The lack of diversity, equity and inclusion in the marketing industry, amongst many others, has been a well-known issue for many years. The Black Lives Matter movement has brought light to the need for action from agencies and organizations to start making real change.
To give some perspective, 85% of the ANA (Association of National Advertisers) member company CMO’s are white, while 3% are black, 5% are asian, and 4% are hispanic/latino, according to their 2019 Diversity Report.
So, what can you do to drive diversity, equity and inclusion in your company?
A Top-Down Approach isn’t Enough
DE&I cannot happen without real intent and effort. Top-down approaches drive compliance, not commitment. Senior leaders, all the way down to frontline employees, have to see and understand their role in the company and be committed to building and retaining a diverse teams. It’s important to note that quotas do not automate diversity, equity or inclusion. Hiring goals may boost numbers and create the illusion of DE&I, but does not actually create an inclusive culture. First, it requires taking an honest look at the end-to-end employee experience, with a focus towards creating conditions that promote equity and inclusion on a daily basis, as well as designing ways to measure that impact. Second, companies must be willing to put a real financial investment into improving diversity. Organizations that have specialized DE&I recruitment and outreach solutions have shown real results.
Make an Ongoing Effort
Having one yearly “diversity training” is not enough. Just as any behavior change, DE&I takes individuals being able to identify key moments when they can build new habits and attitudes. When these new habits and attitudes are put into action in an environment that supports meaningful conversations and healthy tension, real change can become possible.
It’s essential to shift your business overarching goals, mission and vision to build and support a culture based on awareness, acceptance and the development of an increasingly diverse team. This may even require investing in minority-owned training and coaching firms. In the marketing and advertising industry, it’s common for companies to recruit from the same pools of people who just jump from one job to the next. Consider becoming a part of college internship programs with Historically Black Colleges and Universities (HBCUs) and other distinguished minority organizations, including NSBE, SHPE, NBMBAA, ALPHA and others. When it comes down to it, senior leaders must be committed to increasing hiring, developing, promoting and retaining black and minority representation at all levels of the organization.
Consider Your Culture and Brand
In any real transformative effort, brand and culture go hand-in-hand. What you offer to your customers reflects your values and your biases. When working on building better DE&I, the relationships going on internally and externally with your company. What does your brand, your employees and your customers say about your organization and culture? Are your employees’ and customers’ values and beliefs congruent with your company vision and mission? Ultimately, everything all of these elements are intertwined and to drive real success, everything and everyone must be in agreement.

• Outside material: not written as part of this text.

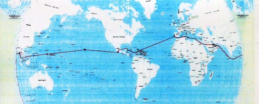 Nous sommes dans les temps, et la vie à bord s’organise de façon conviviale et joyeuse pour ce long trajet océanique. Alors que nous approchons du méridien changement de date (180°) Jean Boyé, en fonction sur ce parcours, s’adresse aux passagers de la manière suivante : « Dans quelques secondes nous passerons du présent au futur qui deviendra notre présent. Si vous le décidiez à l’unanimité, je ferais demi-tour et en quelques secondes nous retournerions dans le passé ! » La fatigue aidant, pas de réaction de leur part et nous sommes passés du jour au lendemain dans ce périple sans nuit.

How Members of the Organization Can Help
It’s important to remember that this is NOT about hitting minority quotas. This is about opening up your organization to members of minority communities that enrich the culture of your organization, bring real value, and propel your company forward in progression and innovation. Hiring managers should focus on real skills and qualifications, ensuring that no candidates are screened with biases.
As far as employees themselves pushing for change, this can be done in a number of ways:
- Do your own research and educate yourself on why having DE&I in the workplace is important.
- Find data and present that to the decision-makers, as well as give real action items that push for change.
- Use your voice. When you see or hear something that you know is not right, stand up against it. It’s not enough to “not be racist,” we must be anti-racist. Those that have privilege must use it to give a voice to those without.
Throughout this process, one of the most important things to remember is that you cannot expect the POC to tell you what needs to be changed, what you’re doing wrong, and what you should be doing in your organization. Take initiative to educate yourself with books, podcasts, documentaries, or whatever other means you find necessary. Real change is not possible without real action.